Cleans the raw union army data from NBER into a format
for mismo that minimizes the boilerplate that users will need.

In [1]:
import ibis
from ibis import _

ibis.options.interactive = True

cen_path_in = "../../../../.scratch/union_army/CEN.csv"
msr_path_in = "../../../../.scratch/union_army/MSR.csv"
cen = ibis.read_csv(cen_path_in)
msr = ibis.read_csv(msr_path_in)
cen

In [2]:
cen = cen.select(
    "record_id",
    _.label_true.cast("int64").name("label_true"),
    first_name=_.first_name.strip(),
    middle_name=_.middle_name.strip(),
    last_name=_.last_name.strip(),
    birth_year=_.birth_year.strip(),
    birth_month=_.birth_month.strip(),
    birth_place=_.birth_place.strip(),
    gender=_.gender.strip(),
)
cen

In [3]:
def fix_month(m):
    # We only fix unambiguous months. We leave eg "99" as is
    mapping = {
        "JAN": "01",
        "FEB": "02",
        "MAR": "03",
        "APR": "04",
        "MAY": "05",
        "JUN": "06",
        "JUL": "07",
        "AUG": "08",
        "SEP": "09",
        "OCT": "10",
        "NOV": "11",
        "DEC": "12",
        # We only fix unambiguous months. We leave eg "99" as is
        # "UNK": "--",
        # "UN": "--",
        # "99": "--",
        # "999": "--",
    }
    return m.substitute(mapping).nullif("--")

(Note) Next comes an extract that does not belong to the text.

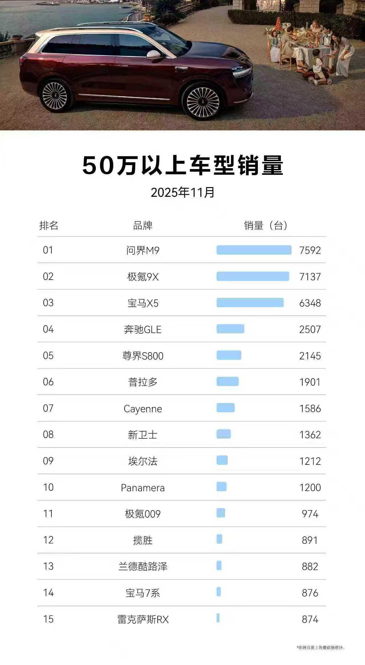 问界M9的两年坚守,重塑高端市场价值标尺 问界M9上市两年累计交付突破26万辆的成绩,以及11月上险量数据领跑,正在重新定义高端汽车市场的价值标准。当众多品牌追逐短期销量时,问界选择用时间沉淀价值,这份坚持最终转化为市场持续领先的表现。在高端汽车领域,真正的竞争力来自长期积累的用户信任和体系化运营能力。 观察市场发展,极氪9X作为新晋产品展现出了积极的参与态度。新车入局既给消费者带来更多选择,也为细分市场注入了新的活力。客观而言,单月销量数据仅能反映市场初期反应,建立持久的市场地位需要更长周期的验证。问界M9的成长轨迹恰好证明了这一点。 从行业维度看,多个对标问界M9的产品相继问世,这种现象本身具有重要启示意义。在新能源汽车蓬勃发展的今天,一个产品的成功不仅体现在销售数字上,更在于其对行业发展方向的引领作用。良性的市场竞争有助于推动行业标准升级,促进产品品质的整体提升。问界M9
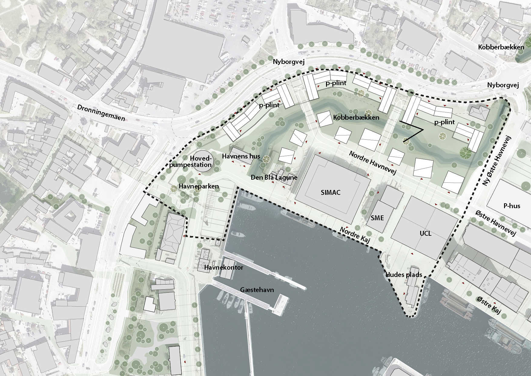 Et blandet bykvarter, en havnepark for rekreativt ophold samt åbning af Kobberbækken.

cen = cen.mutate(birth_month=fix_month(cen.birth_month))
cen.birth_month.topk(40).execute()

Unnamed: 0,birth_month,Count(birth_month)
0,03,5139
1,05,4803
2,10,4646
3,08,4640
4,04,4620
5,02,4566
6,09,4499
7,01,4453
8,06,4359
9,12,4250


In [4]:
cen[_.birth_year.length() != 4]

In [5]:
msr = msr.select(
    record_id=_.record_id,
    label_true=_.label_true,
    first_name=_.first_name.strip(),
    middle_name=_.middle_name.strip(),
    last_name=_.last_name.strip(),
    birth_date=_.birth_date.strip(),
    birth_place=_.birth_place,
    enlist_date=_.enlistment_date,
    enlist_age=_.enlistment_age,
)
msr

In [6]:
msr.enlist_age.topk(100).execute()

Unnamed: 0,enlist_age,Count(enlist_age)
0,18.0,5668
1,19.0,3251
2,21.0,3063
3,20.0,2655
4,22.0,2405
...,...,...
57,67.0,1
58,72.0,1
59,64.0,1
60,61.0,1


In [7]:
# Some dates in MSR are in MMDDYYYY format


def is_not_YYYYMMDD(date):
    return ~date[:2].isin(["18", "--"])


def fix_MMDDYYYY(date):
    bad = is_not_YYYYMMDD(date)
    fixed = date[4:8] + date[:2] + date[2:4]
    return bad.ifelse(fixed, date)


print(is_not_YYYYMMDD(msr.enlist_date).value_counts())
display(msr[is_not_YYYYMMDD(_.enlist_date)])
msr = msr.mutate(enlist_date=fix_MMDDYYYY(_.enlist_date))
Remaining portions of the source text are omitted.